Below are the records; give again exactly the lines from the one containing "Die ALESSIA-Börse in" through the one containing "Warm and comfortable, this", leaving out pictures.

EXTRACTED ENTRIES:
□ □ □

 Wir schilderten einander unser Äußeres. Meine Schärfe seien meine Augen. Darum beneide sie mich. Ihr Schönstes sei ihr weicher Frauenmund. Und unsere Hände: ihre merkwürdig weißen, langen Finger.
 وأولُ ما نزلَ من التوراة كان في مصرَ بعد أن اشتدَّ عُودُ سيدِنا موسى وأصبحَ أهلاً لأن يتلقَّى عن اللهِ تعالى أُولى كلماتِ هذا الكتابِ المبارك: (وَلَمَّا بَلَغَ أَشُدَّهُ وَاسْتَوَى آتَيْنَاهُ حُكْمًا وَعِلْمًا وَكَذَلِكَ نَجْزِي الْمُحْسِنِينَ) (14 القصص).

□ □ □

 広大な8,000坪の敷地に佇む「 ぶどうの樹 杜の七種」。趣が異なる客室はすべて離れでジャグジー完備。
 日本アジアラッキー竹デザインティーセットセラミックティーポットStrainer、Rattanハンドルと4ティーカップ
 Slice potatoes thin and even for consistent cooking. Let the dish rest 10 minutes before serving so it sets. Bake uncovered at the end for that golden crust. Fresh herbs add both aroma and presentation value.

□ □ □

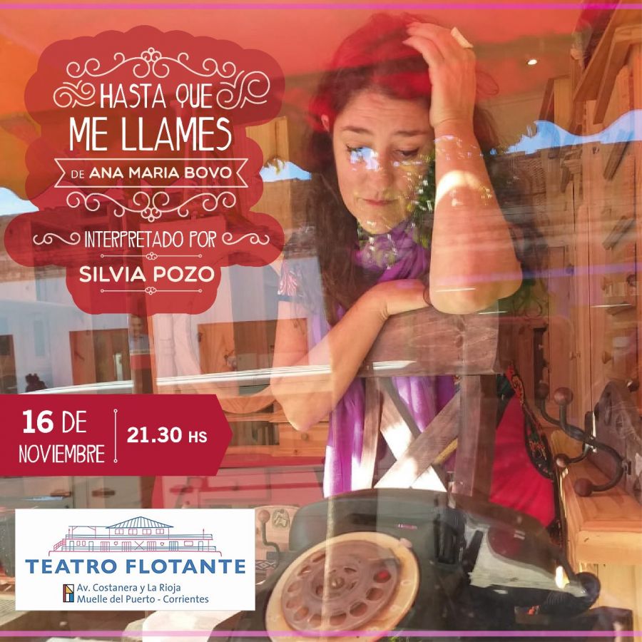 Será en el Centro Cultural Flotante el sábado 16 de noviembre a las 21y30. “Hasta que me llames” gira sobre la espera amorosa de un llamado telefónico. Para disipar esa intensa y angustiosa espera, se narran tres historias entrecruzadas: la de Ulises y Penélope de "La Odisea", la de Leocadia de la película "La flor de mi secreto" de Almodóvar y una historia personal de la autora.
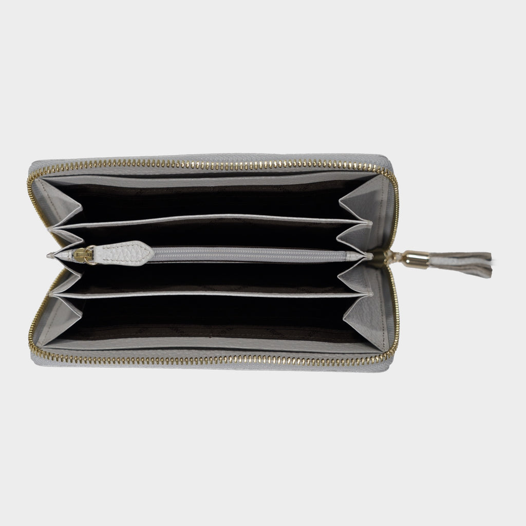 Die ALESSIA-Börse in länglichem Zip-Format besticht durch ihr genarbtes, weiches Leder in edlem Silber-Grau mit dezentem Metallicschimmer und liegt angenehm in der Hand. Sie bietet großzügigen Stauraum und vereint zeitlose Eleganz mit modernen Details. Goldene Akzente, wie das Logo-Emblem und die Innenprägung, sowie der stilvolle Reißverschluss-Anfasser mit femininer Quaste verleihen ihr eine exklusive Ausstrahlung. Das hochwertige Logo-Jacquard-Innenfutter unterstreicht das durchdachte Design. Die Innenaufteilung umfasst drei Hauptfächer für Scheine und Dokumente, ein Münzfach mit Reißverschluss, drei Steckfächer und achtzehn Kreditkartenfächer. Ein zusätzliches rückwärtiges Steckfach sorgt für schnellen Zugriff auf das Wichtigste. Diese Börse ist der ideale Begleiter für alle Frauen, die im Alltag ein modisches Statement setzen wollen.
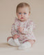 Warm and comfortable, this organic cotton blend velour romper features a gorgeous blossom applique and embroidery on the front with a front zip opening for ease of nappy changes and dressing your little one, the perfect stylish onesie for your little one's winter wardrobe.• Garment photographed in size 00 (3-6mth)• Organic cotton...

□ □ □

OUTPUT FOR THIS TASK:
 Die ALESSIA-Börse in länglichem Zip-Format besticht durch ihr genarbtes, weiches Leder in edlem Silber-Grau mit dezentem Metallicschimmer und liegt angenehm in der Hand. Sie bietet großzügigen Stauraum und vereint zeitlose Eleganz mit modernen Details. Goldene Akzente, wie das Logo-Emblem und die Innenprägung, sowie der stilvolle Reißverschluss-Anfasser mit femininer Quaste verleihen ihr eine exklusive Ausstrahlung. Das hochwertige Logo-Jacquard-Innenfutter unterstreicht das durchdachte Design. Die Innenaufteilung umfasst drei Hauptfächer für Scheine und Dokumente, ein Münzfach mit Reißverschluss, drei Steckfächer und achtzehn Kreditkartenfächer. Ein zusätzliches rückwärtiges Steckfach sorgt für schnellen Zugriff auf das Wichtigste. Diese Börse ist der ideale Begleiter für alle Frauen, die im Alltag ein modisches Statement setzen wollen.
 Warm and comfortable, this organic cotton blend velour romper features a gorgeous blossom applique and embroidery on the front with a front zip opening for ease of nappy changes and dressing your little one, the perfect stylish onesie for your little one's winter wardrobe.• Garment photographed in size 00 (3-6mth)• Organic cotton...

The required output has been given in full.